- Directed by: Neil Maskell
- Written by: Neil Maskell
- Produced by: Helen Simmons; Stephanie Aspin;
- Starring: Amit Shah; Sura Dohnke; Tom Burke; Roger Evans; Jenna Coleman;
- Cinematography: Nick Gillespie
- Edited by: Jason Rayton
- Music by: Andy Shortwave
- Production companies: Erebus Pictures; Rook Films; MarVista Entertainment; Endeavor Content;
- Release dates: 9 September 2022 (TIFF); 1 September 2023 (UK);
- Running time: 84 minutes
- Country: United Kingdom
- Language: English

= Klokkenluider =

2022 British dark comedy film

Klokkenluider (Note: The Dutch word Klokkenluider literally translates to "bell ringer" but is used to refer to a whistleblower.) is a 2022 British dark comedy film written and directed by Neil Maskell, and starring Amit Shah, Sura Dohnke, Tom Burke, Roger Evans, and Jenna Coleman.

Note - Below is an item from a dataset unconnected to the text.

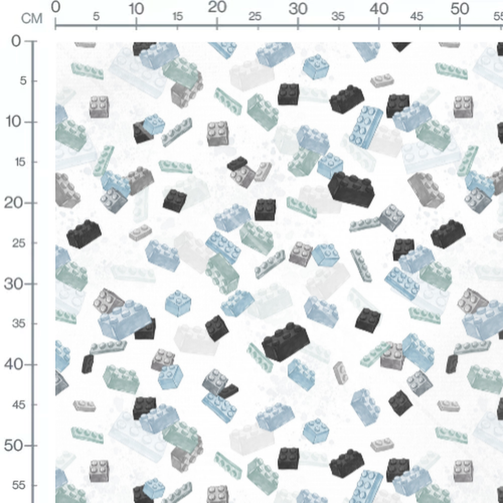 Les blocs sont principalement rectangulaires et carrés. Les couleurs varient entre le noir, le bleu clair et le gris. Les blocs sont disposés de manière aléatoire, créant un motif dynamique. Les nuances de bleu ajoutent une touche de fraîcheur au design.Les tissus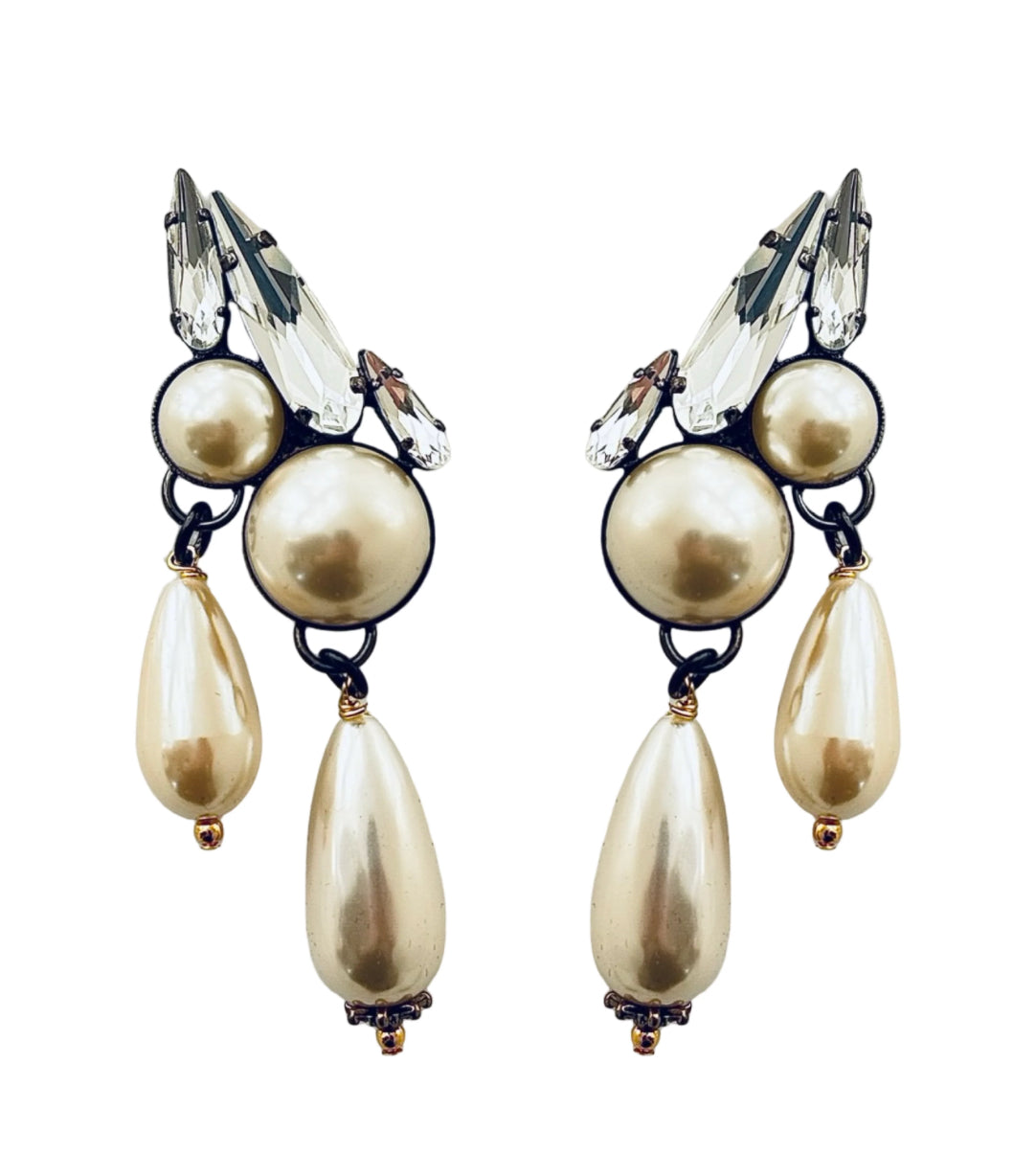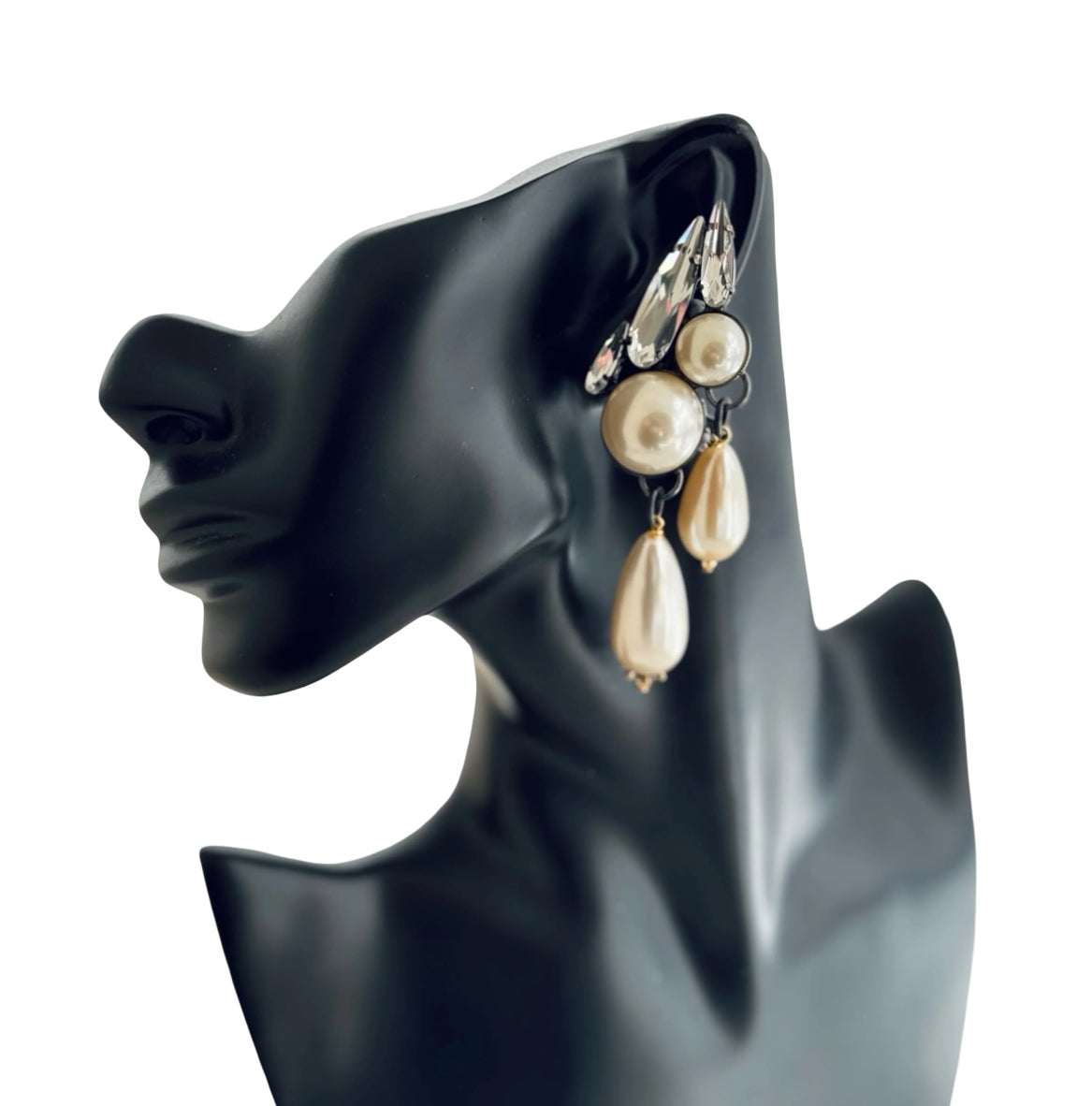 Crystal Embellished Cream Faux Pearl Twin Drop earrings in Clear Crystal Detailing.

The film premiered at the 2022 Toronto International Film Festival on 9 September 2022 as part of series of private screenings for film distributors, and had its first public screening for the 2022 edition of the BFI London Film Festival in October 2022. It was released in the United Kingdom on 1 September 2023.

==Cast==
- Amit Shah as Ewan
- Sura Dohnke as Silke
- Tom Burke as Chris
- Roger Evans as Glynn
- Jenna Coleman as Flo
- Dominic Mallett as Soldier

==Production==
In February 2021, it was announced that Jenna Coleman and Tom Burke would lead the cast of Klokkenluider, the directorial debut of actor Neil Maskell.

Principal photography in Sussex ran from 28 February to 18 April 2021.